Image is of the DAGs tab of the Airflow UI, which shows a DAG named composer_sample_quickstart

Click composer_sample_quickstart to open the DAG details page. This page includes a graphical representation of workflow tasks and dependencies.

Now, in the toolbar, click Graph View and then mouseover the graphic for each task to see its status. Note that the border around each task also indicates the status (green border = running; red = failed, etc.).

To run the workflow again from the Graph View:

  1. In the Airflow UI Graph View, click the check_file_existence graphic.
  2. Click Clear to reset the three tasks and then click OK to confirm.
  3. Click check_file_existence again in Graph View.
  4. Select Run to re-queue the workflow.

You can also check the status and results of the composer-sample-quickstart workflow by going to the following GCP Console pages:

To avoid incurring charges to your GCP account for the resources used in this quickstart:

  1. (Optional) To save your data, download the data from the Cloud Storage bucket for the Cloud Composer environment and the storage bucket you created for this quickstart.
  2. Delete the Cloud Storage bucket you created for this quickstart.
  3. Delete the Cloud Storage bucket for the environment.
  4. Delete the Cloud Composer environment.
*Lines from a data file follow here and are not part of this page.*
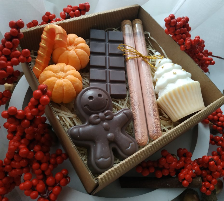 Mydełka glicerynowe dekoracyjne o zapachu pomarańczy i czekolady:
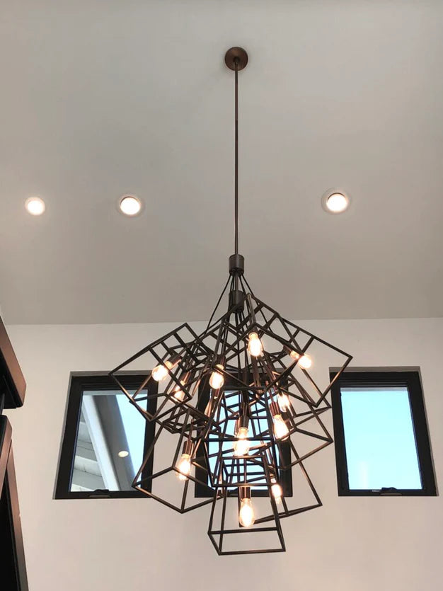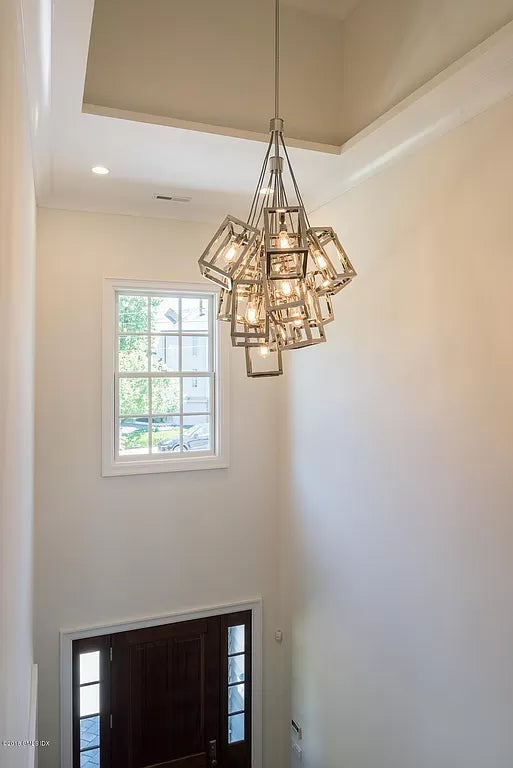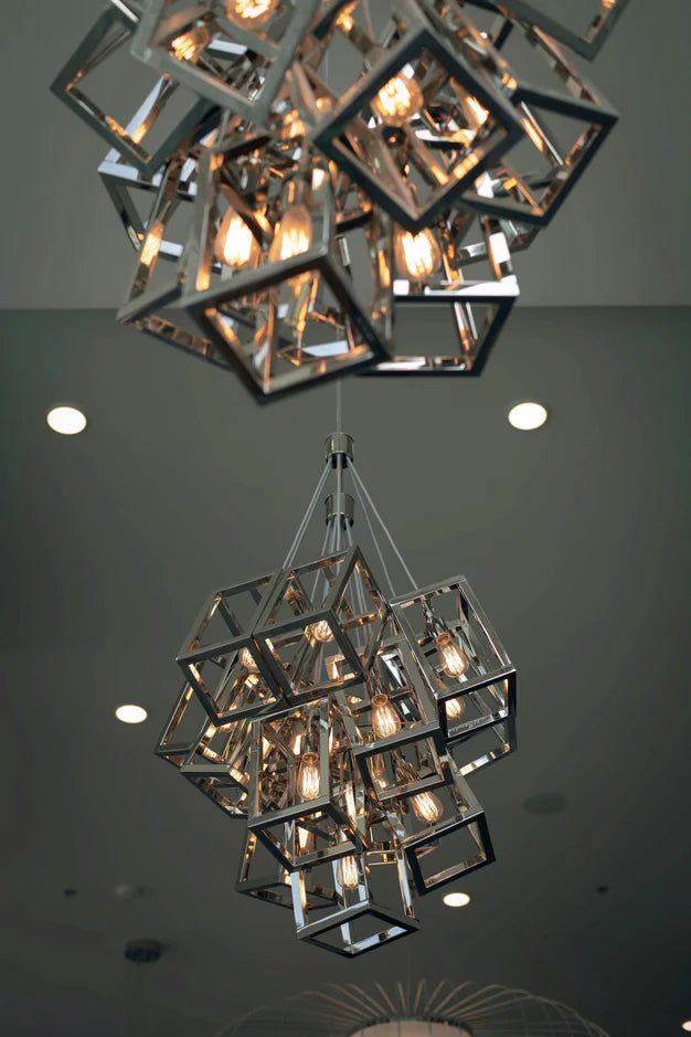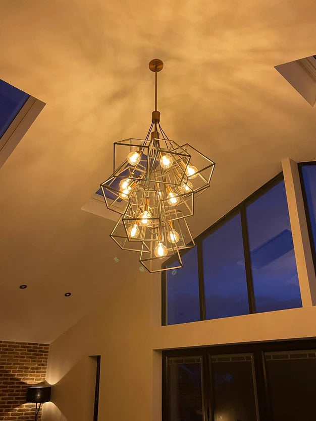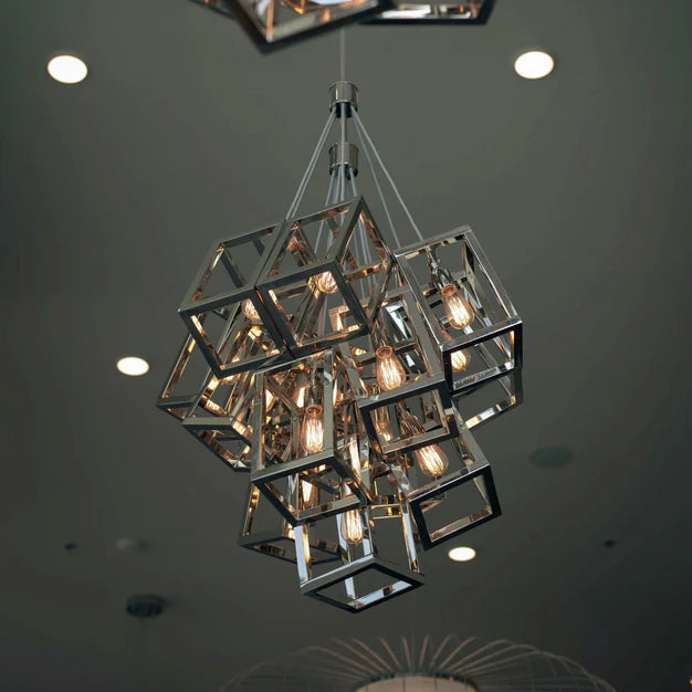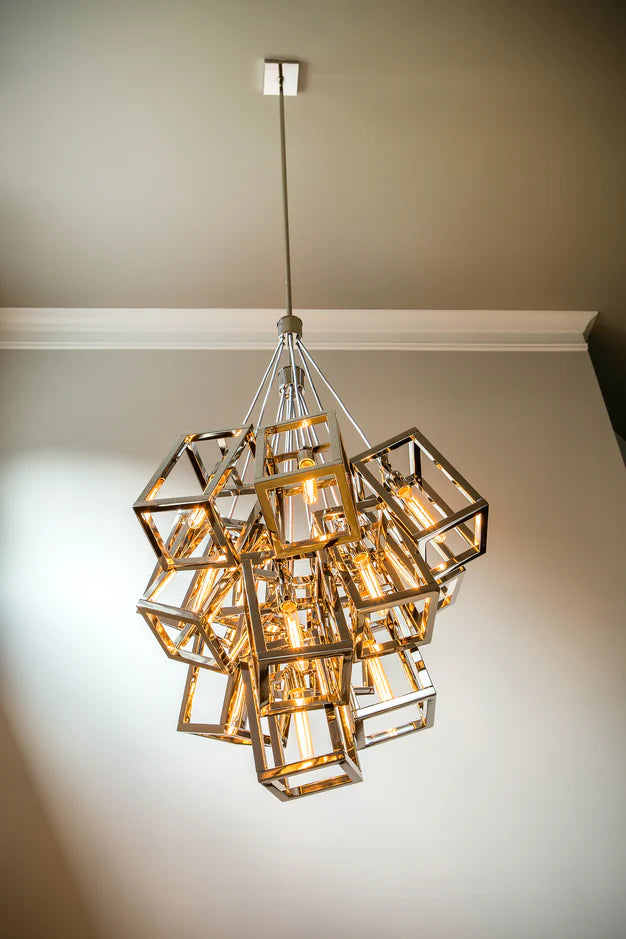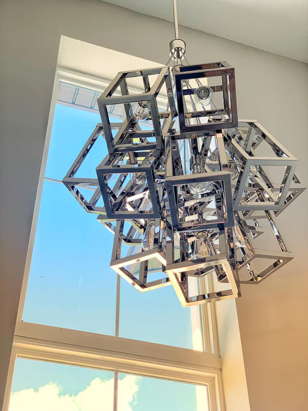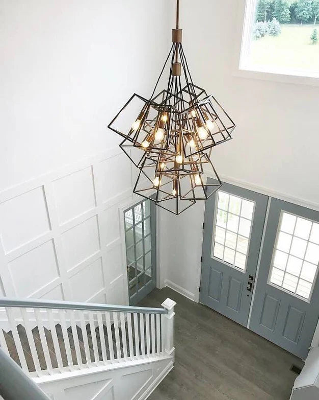 This modern cube cluster chandelier adds a sleek and stylish touch to any living room, staircase, or foyer. With its cool design, it will effortlessly elevate any space. Perfect for those looking for a contemporary lighting option.
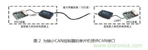 雖然如今已經不再是51單片機橫行的時代,但是仍然不是所有的MCU都具備CAN控制器,如果在某個項目中需要擴展CAN通訊而恰好我們的主控平臺沒有CAN外設,那么選擇CSM100就是一個絕佳的選擇。只要主控上還有多余的URAT資源就可以利用它輕松的擴展。擴展方式如圖2所示。
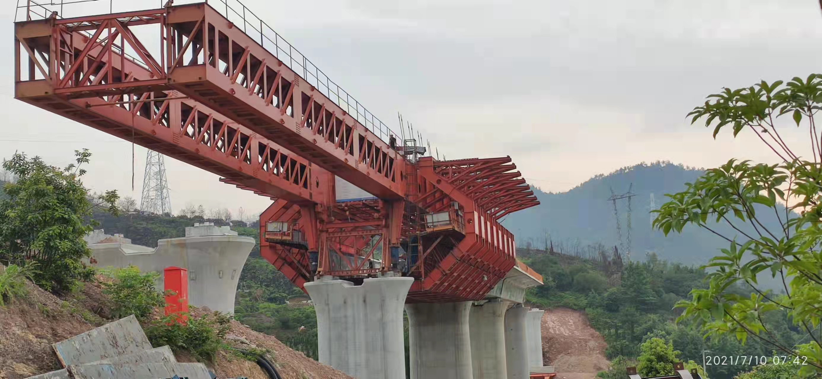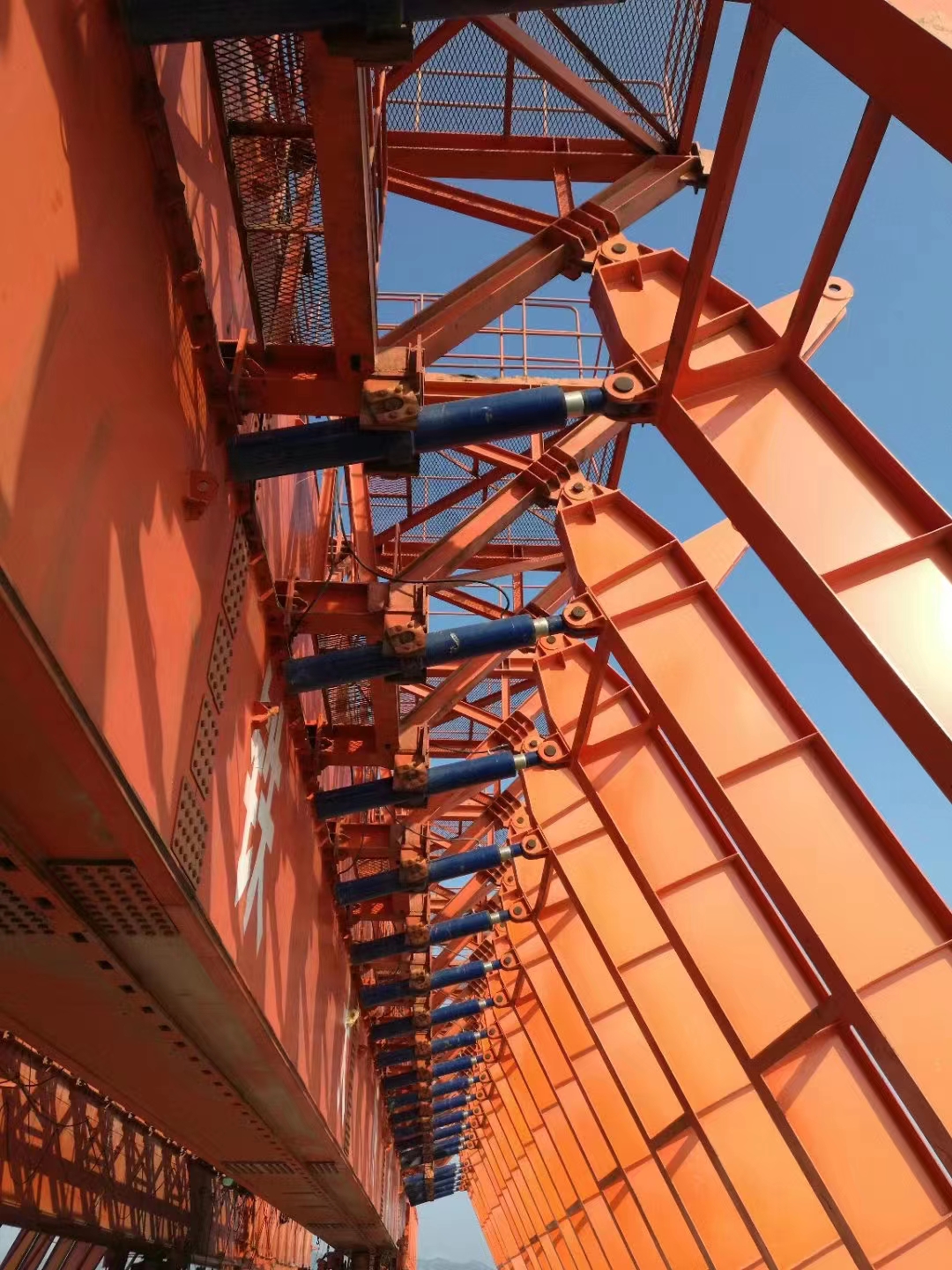 河北承德架桥机出租公司架桥机是在公路、铁路桥梁架设上常用的一种大型起重机械,架桥机主要由主、辅纵导梁及支撑系统,主横梁及起吊系统,主导梁纵移系统,前、后支架前移系统等组成。
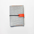 型押しイタリアンレザーのカードケース(グレー×ネオンレッド)
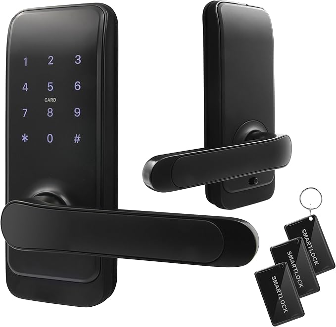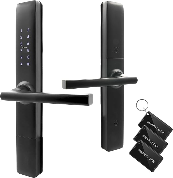 Cerradura electrónica inteligente con múltiples métodos de acceso: teclado numérico, lector de huella dactilar y tarjeta RFID. Ofrece seguridad y conveniencia para puertas interiores o exteriores.

Note that deleting your environment does not delete the storage bucket for the environment.

You can also optionally delete the project:

  1. In the GCP Console, go to the Projects page.
  2. In the project list, select the project you want to delete and click Delete.
  3. In the box, type the project ID, and then click Shut down to delete the project.